Markt für Ersatzteile verändert sich
Der Markt für Ersatzteile verändert sich ebenso stark wie der für Neuwagen. Aber die Ausschläge sind deutlich andere. Laut Kraftfahrt-Bundesamt sind Pkw in Deutschland inzwischen im Durchschnitt 10,1 Jahre alt. Im EU-Schnitt sind es 12 Jahre. Seit 2010 steigt der Behörde zufolge das Durchschnittsalter „kontinuierlich an“. Mehr als eine Million Autos auf den Straßen des Landes sind sogar älter als 30 Jahre. Die Kundschaft für Jens Schüler wächst also – und die aktuelle Lage am Pkw-Markt mit stark gestiegenen Preisen und knappem Neuwagen-Angebot spielt ihm auch in die Hände.
„Wir verstehen uns als treibende Kraft bei der Herausforderung, den Ersatzteilmarkt fit für die E-Mobilität zu machen. Dabei stellen wir den Bedarf unserer Kunden nach wirtschaftlichen und zukunftsfähigen Reparaturlösungen in den Mittelpunkt“
Jens Schüler, CEO Automotive Aftermarket bei Schaeffler
„Es gibt einige Faktoren, die in der kommenden Zeit sehr für den Ersatzteilmarkt sprechen“, sagt Jens Schüler. Die Preise für Ersatzteile seien zwar auch gestiegen, allerdings nicht so stark wie die für Neu- und Gebrauchtwagen. „Unser Geschäft läuft gut in guten Zeiten, und es läuft noch besser in schlechten Zeiten“, sagt Schüler. Lediglich wenn die Autofahrer ihre Wagen stehen lassen würden, könnte das die Nachfrage nach Ersatzteilen dämpfen. Aber danach sieht es in Deutschland und anderen Märkten momentan nicht aus.
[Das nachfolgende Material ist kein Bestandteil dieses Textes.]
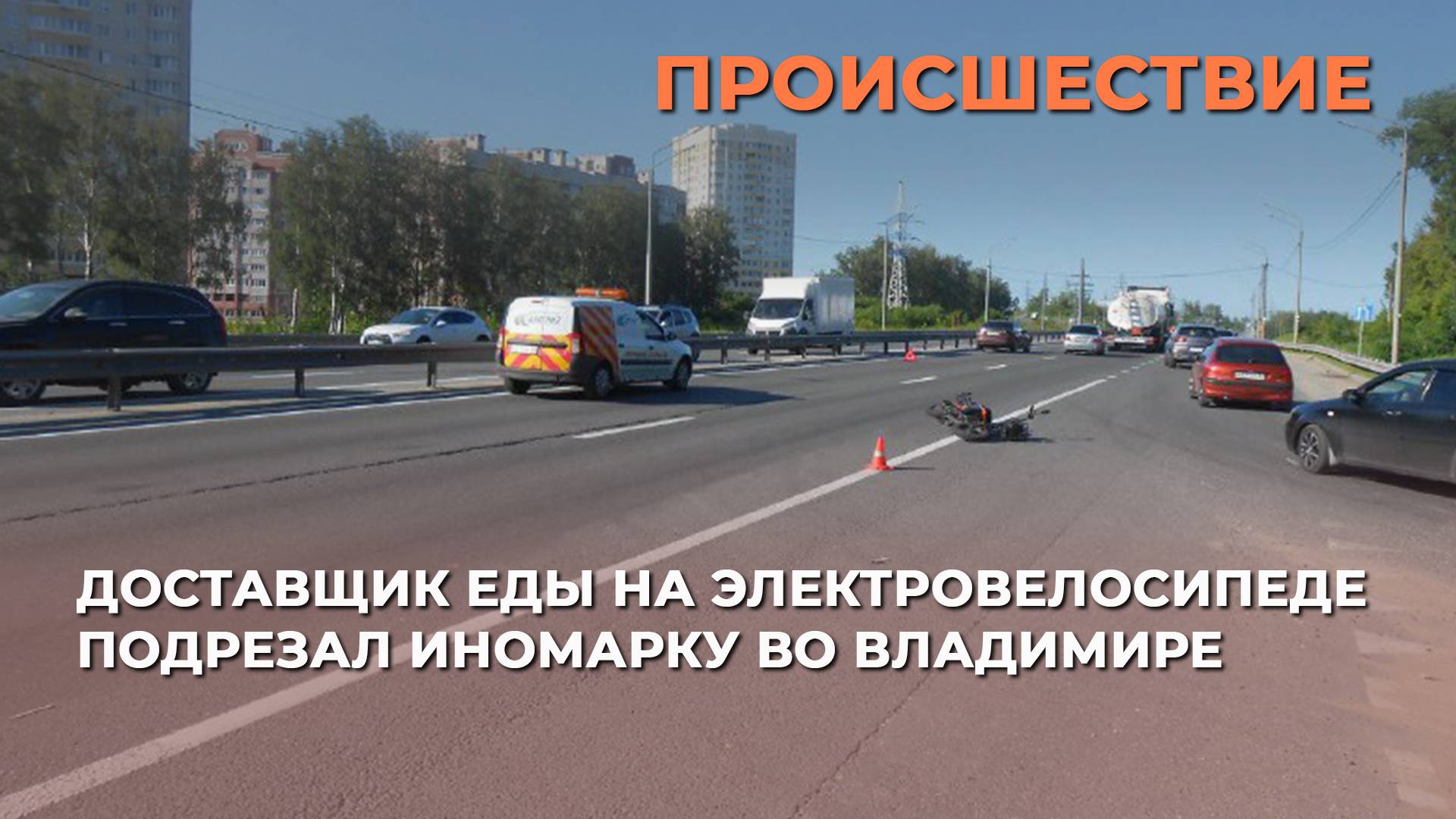 Доставщик еды на электровелосипеде подрезал иномарку во Владимире
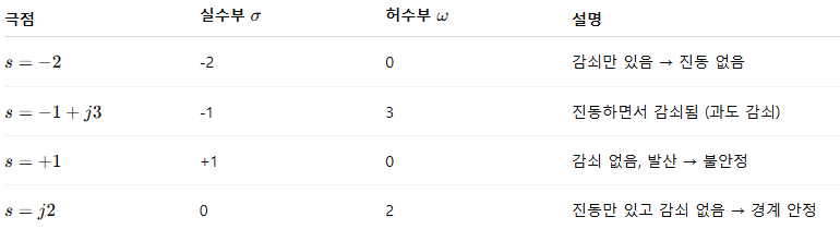 - 극점이 실수축 위에만 있으면 → 진동 없이 안정 또는 불안정
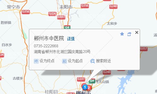 郴州站160米向南步行 到 道口5站乘 36路 (高斯貝爾方向) 到 羅家井300米向西步行 到 郴州市中醫(yī)院

Lieferengpässe wie im Neuwagenmarkt treffen die Werkstätten mittlerweile weniger. „Ersatzteile sind da“, sagt Schüler. Bei Komponenten für Elektroautos könne es zu Wartezeiten kommen, aber noch werden diese Teile kaum nachgefragt. Die meisten E-Autos sind noch nicht alt genug, um massenweise in die Werkstatt zu müssen. Schaeffler und andere Ersatzteilhersteller bereiten sich trotzdem darauf vor.
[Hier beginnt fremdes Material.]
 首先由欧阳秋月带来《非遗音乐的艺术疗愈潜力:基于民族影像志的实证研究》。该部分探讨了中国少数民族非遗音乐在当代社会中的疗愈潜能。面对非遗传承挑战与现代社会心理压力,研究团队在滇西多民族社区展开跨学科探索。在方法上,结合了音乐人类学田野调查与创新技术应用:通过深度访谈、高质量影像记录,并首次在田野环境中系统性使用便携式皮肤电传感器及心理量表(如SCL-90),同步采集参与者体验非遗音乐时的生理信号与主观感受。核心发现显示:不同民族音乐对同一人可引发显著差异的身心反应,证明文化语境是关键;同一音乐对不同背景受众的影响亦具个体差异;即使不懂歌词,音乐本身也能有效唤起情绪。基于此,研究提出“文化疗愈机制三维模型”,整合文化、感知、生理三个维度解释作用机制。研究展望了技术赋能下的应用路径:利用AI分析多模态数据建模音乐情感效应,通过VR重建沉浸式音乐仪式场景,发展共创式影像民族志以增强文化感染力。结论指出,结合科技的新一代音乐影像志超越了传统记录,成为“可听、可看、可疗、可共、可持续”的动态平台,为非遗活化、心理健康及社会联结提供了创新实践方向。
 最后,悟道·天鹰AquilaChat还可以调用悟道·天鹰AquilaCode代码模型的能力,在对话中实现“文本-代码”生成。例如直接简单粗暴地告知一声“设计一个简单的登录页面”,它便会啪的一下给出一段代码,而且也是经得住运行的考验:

In Elektroautos liegt eine Chance. Schüler zeigt die Schachtel mit der „Reparaturlösung“ seines Unternehmens für die elektrische Antriebsachse des VW eGolf, der 2017 auf den Markt kam und inzwischen nicht mehr gebaut wird. „Eine Austausch-E-Achse kostet mehr als 5.000 Euro, unsere Reparaturlösung wird dagegen deutlich unter 1.000 Euro liegen“, sagt der Manager. „Wir zeigen der Werkstatt, wie man das Elektroauto reparieren kann, und wollen die Reparatur demystifizieren. Dafür bieten wir Reparaturanleitungen an und vermitteln mit Trainern die technische Kompetenz.“
Schüler folgt damit geradezu mustergültig den Vorschlägen der Berater von Roland Berger, die in einer aktuellen Studie zum Aftermarket feststellen, die Chance für Teilehersteller liege darin, ihr Produktportfolio um spezifische Komponenten für Elektroautos zu erweitern. „Dies wird besonders dann erfolgreich sein, wenn es ihnen gelingt, diesen Übergang zu nutzen, um sich als vertrauenswürdiger, langfristiger Partner für Werkstätten zu positionieren“, schreiben die Berater in dem Papier, das der europäische Zuliefererverband Clepa in Auftrag gegeben hat. Auf diesem Weg könnten die Ersatzteilhersteller auch dazu beitragen, dass mehr freie Werkstätten überleben können. Denn mit Hochvolttechnik kennen sich bisher noch nicht so viele Automechaniker aus.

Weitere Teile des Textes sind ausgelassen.